Samantha Ellis
Squeezing the Scorpion
Charlotte Brontë: A Life
By Claire Harman
Viking 480pp £25
Why did the sheltered daughter of a Church of England minister, brought up to be deeply suspicious of Catholics, take the drastic step of walking into a Brussels church, finding a confessional and opening her heart? And what did she tell the priest? Claire Harman opens her biography, written in time for Charlotte Brontë’s bicentenary in 2016, with her protagonist in crisis. It’s not just that the 27-year-old student is in love with her married professor, Constantin Heger, but also that she is, Harman perceptively notes,
struggling with the larger issue of how she would ever accommodate her strong feelings – whether of love … or her intellectual passions, or her anger at circumstances and feelings of thwarted destiny – in the life that life seemed to have in store for her, one of patchy, unsatisfying employment, loneliness and hard work. What was someone like her, a plain, poor, clever, half-educated, dependent spinster daughter, to do with her own spiritual vitality and unfettered imagination?
Harman suggests the relief of confessing ‘gave her an idea not just of how to survive or override her most powerful feelings, but of how to transmute them into art. Within a year she was writing her first novel.’ For Harman, Brontë’s novels are ‘revolutionary’ because they express feelings we usually suppress. In other words, she lets us all into the confessional.
At fourteen, Brontë imagined one of her characters panicking that he might not be real, that someone had dreamed him up. She thrilled, Harman reveals, at ‘having this adult man in her mind muse on her when he senses the distant power or influence that has brought him into being, but that he can’t imagine is simply a fourteen-year-old girl bending over a tiny scrap of paper in a cold room in Yorkshire’. At other times, writing unnerved and disorientated Brontë; Harman astutely calls the wild writing she did in her late teens ‘greedy’ and ‘desperate’, and argues that it was only after her experience in Brussels that she found a way to stop dwelling on her suffering and instead ‘let it speak to and comfort millions of others’.
This is why Brontë still fascinates.
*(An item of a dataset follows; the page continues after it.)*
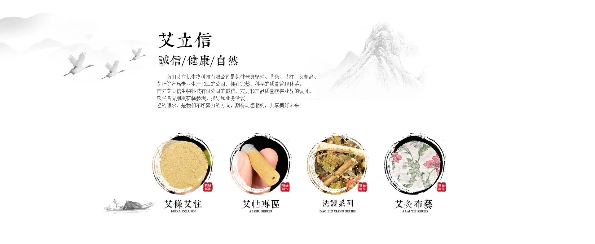 本公司主要生產艾條、艾柱、艾絨、肚臍貼、頸椎貼。膝蓋貼、舒眠貼、艾草眼貼、泡腳包等各種艾制品一條龍服務。 公司秉承“成人達己,合作共贏”的經營理念,以“利家人·利伙伴·利公司”為綱領,堅持“一幫二教三賦能”的服務宗旨,一直引領在艾草行業的前沿!
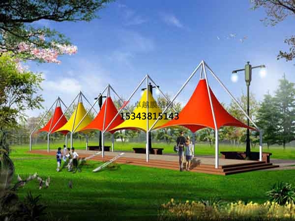 一個(gè)城市的中心區(qū)反映一個(gè)城市的地理風(fēng)貌和民族風(fēng)情,同時(shí),也是一個(gè)城市文化發(fā)展程度的標(biāo)志。而景觀設(shè)計(jì)要求其具有廣泛的可讀性、雅俗共賞,既有超凡脫俗的藝術(shù)價(jià)值,又能使大眾喜聞樂(lè)見(jiàn)與大眾息息相通。膜結(jié)構(gòu)以其輕盈飄逸的造型、柔美并帶有力量的曲線和大跨度和大空間的鮮明個(gè)性和標(biāo)識(shí)性,應(yīng)用于城市小品設(shè)計(jì)中。

She makes us understand that the feelings we have been pushing down have value, and that if we speak out they might even save us. Some biographers take Brontë at her word. Elizabeth Gaskell’s Life of Charlotte Brontë (1857) reads like a novel: partisan, passionate, and often libellous and wrong. The mighty Shakespeare Head edition of the Brontë sisters’ works included it alongside the novels, as though it were fiction. The Brontës have been irresistible to novelists and dramatists – there is a whole groaning cabinet in the Brontë Parsonage library devoted to fiction about them. Harman is very interesting on this blurring of fact and fiction. She reveals that Heger invited a favoured pupil to communicate telepathically. It sounds like something out of one of the novels, which are full of voices travelling across the gulf of time and space. Did Brontë write about telepathy because Heger suggested they communicate telepathically too, or did she make it up out of longing for him? And did he, years later, read her novels and try to make them come true? These are intriguing questions that send us back to the books, as all good biographies should.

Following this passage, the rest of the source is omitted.